WeddingPro Educator, CPA and wedding planner, Nadia Anderson, joined us for a full hour of decoding your finances. She thoroughly answered some of the most pressing questions that we’ve received regarding your business. What’s the difference between financial tracking and reporting, and which one do you need? How should you “postponement proof” your finances for the future? Her easy-to-understand responses are designed to help you determine what systems (and people!) you need in place to navigate this uncertain time.
Question #1: When it comes to finances, where do I even begin?
Answer from Nadia: The first step is having separate bank accounts for business and personal money. There are specific legal reasons for the separation. The separation also helps you to know how much you need to make and to develop a spending plan. During the webinar, we discussed business transactions, however, many of the same principles for tracking will apply for you personally.
Secondly, once your accounts are separate, make sure you’re tracking ALL of your financial activity for your business. This means looking at your income and expenses and grouping each transaction into a specific category.

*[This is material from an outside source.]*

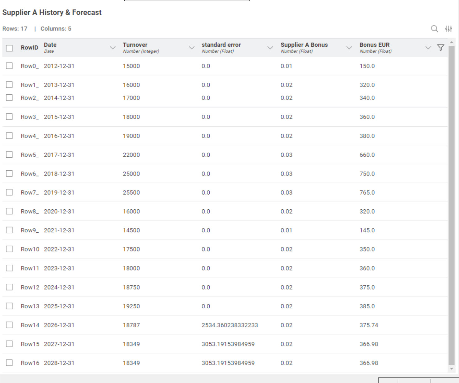 I have turnover data from various suppliers for the last 13 years (on years base), including possible bonus agreements. I would like to build a workflow that processes this data and provides me with future sales predictions for the next 2-3 years and, if possible, the corresponding bonus values.

- Examples of income categories for a planner: weddings, corporate events, celebrations, consulting, workshops
- Examples of expense categories: advertising, mileage, uniforms, supplies with subcategories for design/decor, floral, and office supplies; or if you’re a caterer/ baker – supplies with subcategories for food supplies, packaging supplies
Question #2: What’s the difference between financial tracking and financial reporting? And which one should I be doing?
Answer from Nadia: Financial tracking is keeping a record of each dollar that you receive or spend and organizing each transaction into a specific category. Financial reporting is summarizing the categories in a manner that helps you to analyze your business activity; it allows you to make better business decisions and to share your financial activity with people outside of your business. Ideally, you should do both.
Here are four things to keep in mind:
- You have to track before you can report.
- You may have more detailed reports for internal decision making and less detailed reports for external sharing.
- There are two main financial statements that help you analyze your business – an income statement (also called profit and loss statement) and balance sheet.
- There are some systems that only track income or only track expenses and produce limited financial reports. All financial reporting systems also allow you to track. If you choose a system that only allows for tracking, I recommend you identify another system for financial reporting.
- Credit card processing systems that include tracking: Square, Stripe, Shopify
- Customer relationship management systems that include tracking: Honeybook, Dubsado
- Financial Reporting systems: QuickBooks, Xero, FreshBooks, Wave
Question #3: What’s the best way to track my expenses to identify what is essential and what can be cut?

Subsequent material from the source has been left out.